Republicans normally opposed to gun legislation obviously feel some political pressure to act right now; they wouldn’t be willing to endorse even these mild steps otherwise. (Even Senate Republican leader Mitch McConnell may be on board.) But to think that holding out for stronger legislation would actually produce stronger legislation is, at this point, a serious leap of faith.

And there’s at least as much chance that a vote like this could be habit-forming, in the way that Democrats like Murphy have been suggesting. If there are Republicans out there genuinely interested in modest gun legislation but fearful of offending Second Amendment extremists ― and presumably there are a few ― they might feel more confident voting for future proposals, maybe even significant ones, if their support for this doesn’t cause a huge backlash.

The effects could even spill over to issues beyond guns, which brings me to the point I promised about how this might all help rescue democracy.

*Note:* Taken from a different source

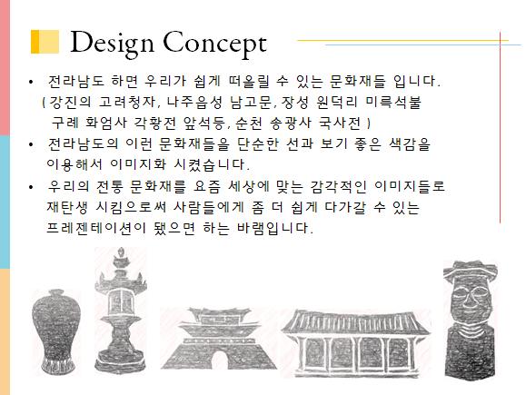 공모된 작품을 면면히 살펴보고 싶었으나 아직 심사가 진행 중인 관계로 담당자를 통해 접수된 작품에 대한 이야기를 잠깐 들어 보았습니다. 이번 공모전은 템플릿 작품이 다수를 차지하고 있으며, 여수 엑스포, F1 등 전남의 국제 행사와 관련된 작품과 전통과 문화재를 소재로 한 작품들이 눈길을 끌었습니다.
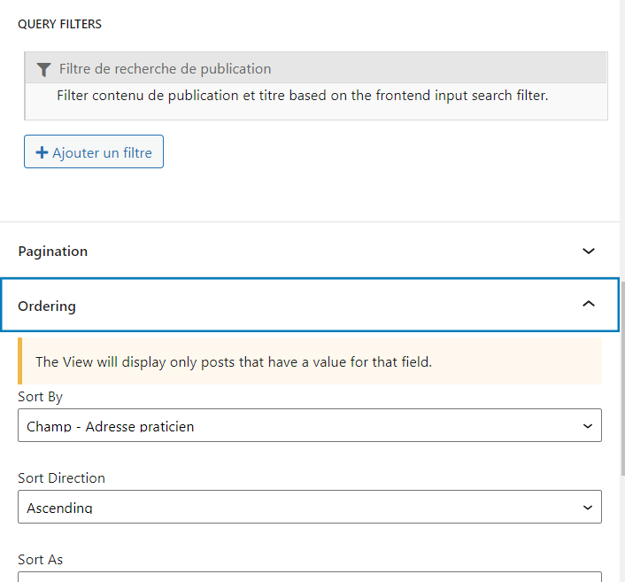 So basically we created a legacy view and we have configured it, everything's working now but we got a last problem, we use 2 criterias for the searching. The keywords (linked to the title and description), and an address field. Both search fields are still working but we lost the google location pop up as we aren't using the view block editor anymore and we are using a raw html searchbar. If there any solution to make it appear ? (the pop us is the thing showed in auto fill google png).

The current environment feels more and more like an existential crisis for the republic, and a big reason is the lack of more civic-minded leaders in the Republican Party ― something on vivid display over the past weeks, as GOP lawmakers have repeatedly challenged the proceedings and findings of the Jan. 6 committee.

The explanation for why high-minded Republicans are so hard to find these days is something that can, has and will continue to fill books ― in other words, it’s too big a topic for this newsletter. But just like voting for sensible gun reforms might become habit-forming for a small number of Republicans, so could stepping away from the most extreme elements of the party who want to suppress votes and overturn election votes.

There are obviously no guarantees that cementing the deal now under discussion would contribute toward this kind of evolution, just like there are no guarantees the deal will make a dent in gun violence. It may still be a chance worth taking.